Neglecting Backup Costs SMEs
A recent survey of SMEs across Europe has highlighted that businesses are failing to protect their IT with 63% stating it would take more than a day to recover from any system downtime. Whilst only 10% indicated that they could recover their systems within a few hours. With system downtime preventing access to critical functions such as e-mail and internet, order processing and sales figures, many companies are leaving themselves wide open to lost revenue, lost productivity and lost customers. In a business climate that has very little room for downtime and disturbed business continuity what can SMEs do for protection? Back up, back up, back up!

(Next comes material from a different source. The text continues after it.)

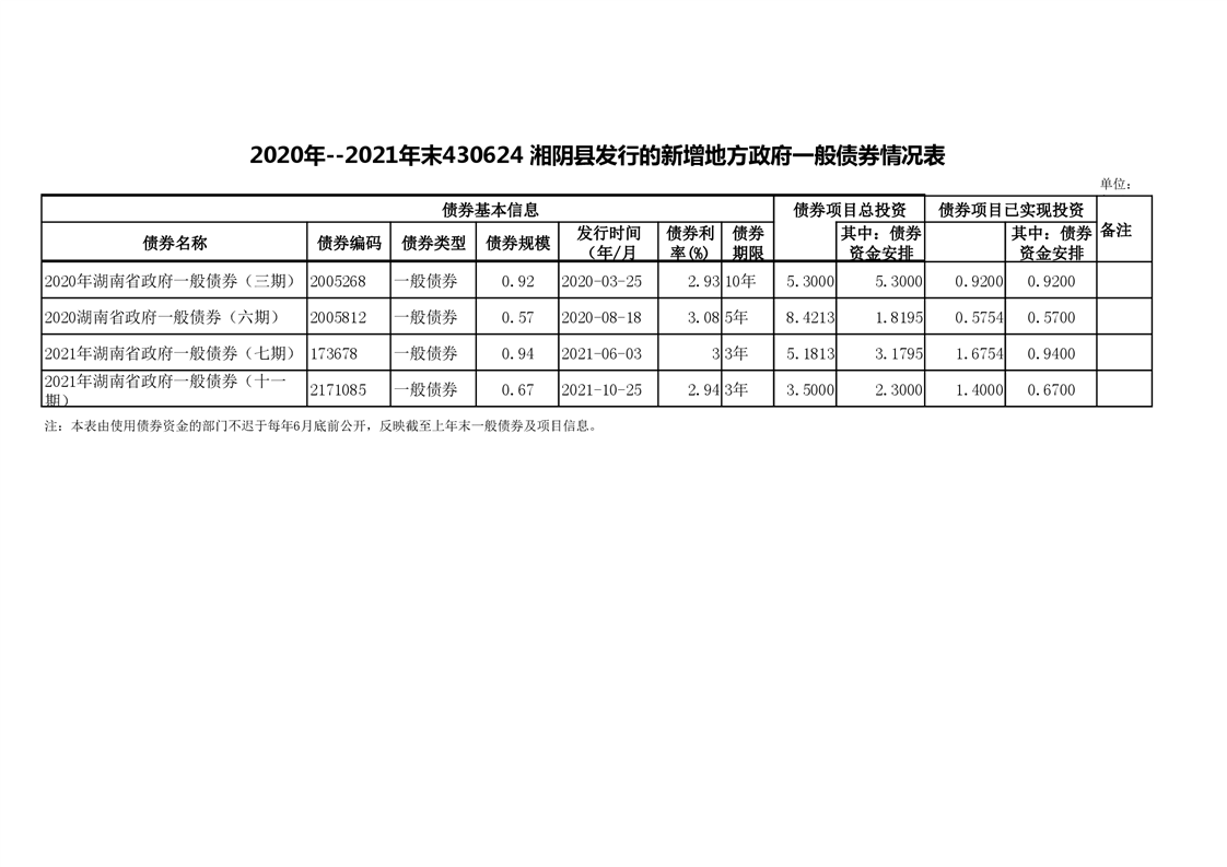 2020年-2021年末湘阴县发行的新增地方政府一般债券情况表

Good back-up involves creating multiple versions of your company data, including versions kept safe away from the primary business site. It is also good practice to include a fail over site, separate from the secondary site in case of drastic consequences. This will ensure that if your server, office or department becomes unusable or suffers interruption through a disaster such as flood, then employees can continue business operations remotely by accessing the data on the remote server or fail over site. To strengthen their position further SMEs should regularly take snapshots of their critical server structure and data. These should be added to the base snapshot taken as part of the DR plan. This keeps any recoverable data current.

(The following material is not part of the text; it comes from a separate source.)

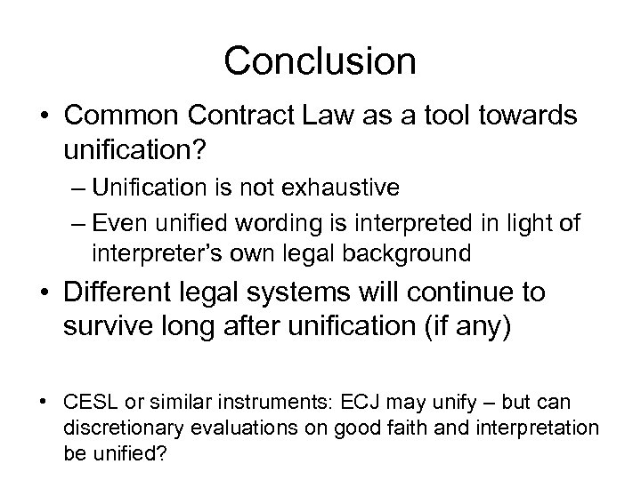 Conclusion • Common Contract Law as a tool towards unification? – Unification is not exhaustive – Even unified wording is interpreted in light of interpreter’s own legal background • Different legal systems will continue to survive long after unification (if any) • CESL or similar instruments: ECJ may unify – but can discretionary evaluations on good faith and interpretation be unified?

The survey also showed that a quarter of companies still back-up their PCs and laptops manually and nearly one-fifth (19%) do not carry out back-ups on these at all. It is estimated that up to 60% of company data is held on workstations rather than being backed up to a server putting critical information at risk every day.
SMEs should educate employees to follow best practice procedures and back-up to the server each night. Employees who do not adhere to such regulations will suffer the consequences should any data be lost during a disaster or unplanned downtime.
The bottom line is this – if you have data, there is a risk that you will lose it. Take your back up and business continuity seriously and you won’t be one of the 50% of SMEs that go bust within two years of a disaster.